Austrian ice hockey player (born 2000)

Theresa Schafzahl (born 12 April 2000) is an Austrian professional ice hockey player for the Seattle Torrent of the Professional Women's Hockey League (PWHL) and member of Austria women's national ice hockey team. She previously played for the Boston Fleet of the PWHL. She played college ice hockey at Vermont, where she is the program's all-time leader in goals, assists and points.

==Playing career==
===College===
Schafzahl began her collegiate career with the Vermont Catamounts during the 2018–19 season. During her freshman year, she recorded seven goals and 10 assists in 36 games. She led all Catamounts rookies in points, and ranked tied for second-most on the team with 17. During the 2019–20 season in her sophomore year, she recorded 14 goals and 15 assists in 36 games. She led the team in goals and tied for the team lead with 29 points. During the 2020–21 season in her junior year, she recorded four goals and four assists in a season that was shortened due to the COVID-19 pandemic. She tied for the team lead with four goals.

During the 2021–22 season in her senior year, she recorded 25 goals and 21 assists in 29 games. She set the Vermont single season record for points (46) and goals (25). On 9 October 2022, she recorded two goals and became the program's all-time career leader in points with 106. She was named the Hockey East Player of the Month and the HCA National Player of the Month for the month of January. She led the NCAA with nine goals and 17 points in nine games during the month. She recorded at least one point in all nine games and had six multiple point games. Following an outstanding season she was named a unanimous First Team All Hockey East selection, Hockey East Scoring Champion, Hockey East Player of the Year, and PNC Bank Three Stars Award winner. She was also named a CCM/AHCA Hockey First Team All-American and a top-ten finalist for the Patty Kazmaier Award, becoming the first player in program history to be named a finalist for the award.

During the 2022–23 season, as a graduate student, she recorded 21 goals and 24 assists in 36 games. She led the team in scoring with 45 points and tied the Vermont single season record for assists (24). Following the season she was named a First Team All Hockey East selection. She finished her career at Vermont as the program's all-time leader in goals (71), assists (74), and points (145).

===Professional===
On 12 May 2023, Schafzahl signed a two-year contract with the Montreal Force of the Premier Hockey Federation (PHF). The PHF ceased operations on 29 June 2023, as a result she never played a game for the Force.
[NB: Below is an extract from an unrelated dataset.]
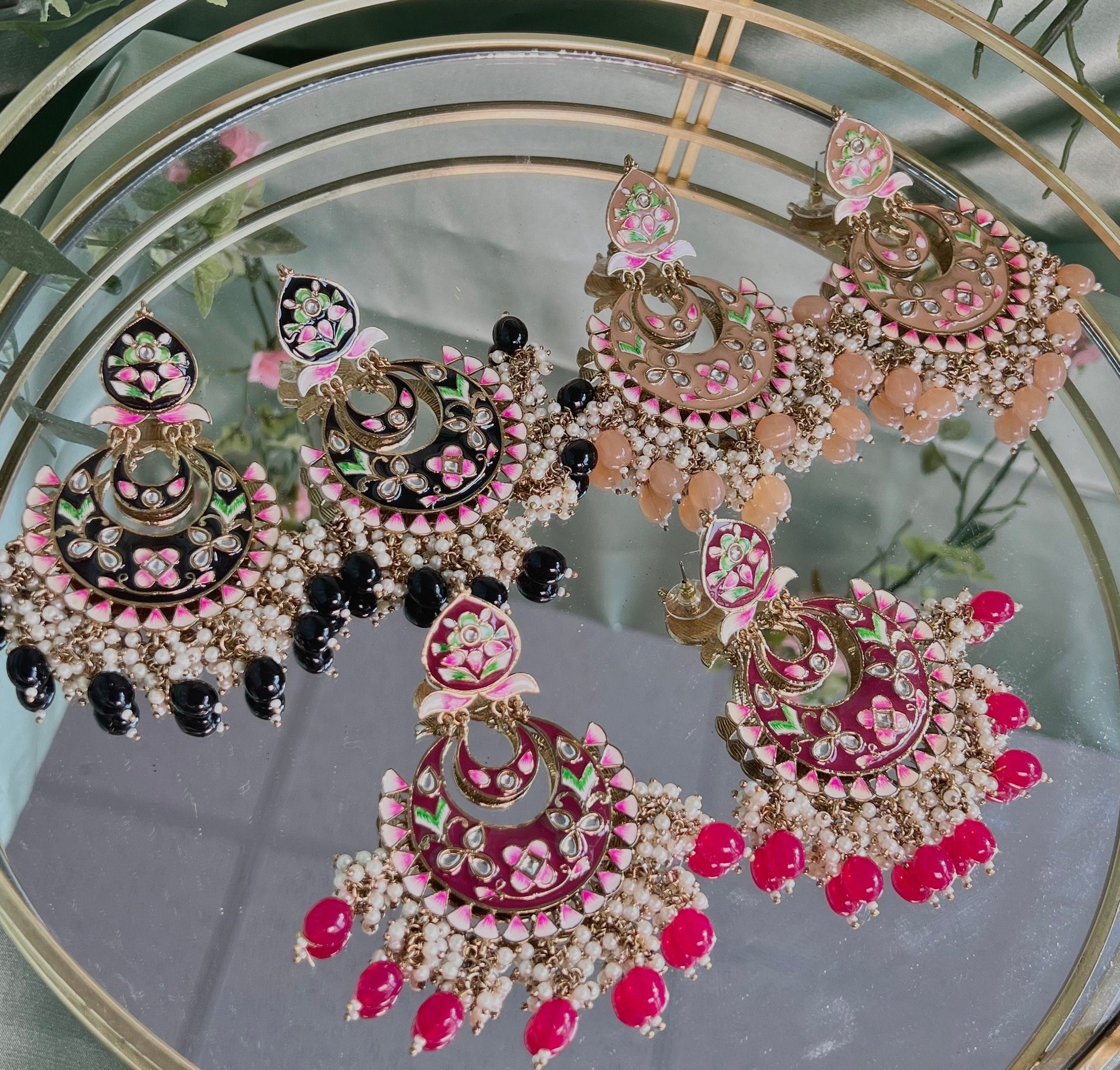 Large, Hand painted earrings and chain detail with tiny pearls and faux kundan details.

On 18 September 2023, Schafzahl was drafted 39th overall by PWHL Boston in the 2023 PWHL Draft. On 1 November 2023, she signed a two-year contract with Boston. During the 2023–24 season, she recorded three goals and three assists in 20 regular season games and three assists in eight playoff games. She scored the team's first-ever goal on January 3, 2024. During the 2024–25 season, she recorded three goals and two assists in 30 games with the Fleet. On 18 June 2025, she signed a one-year contract with the Fleet. During the 2024–25 season, she recorded three goals and two assists in 30 games.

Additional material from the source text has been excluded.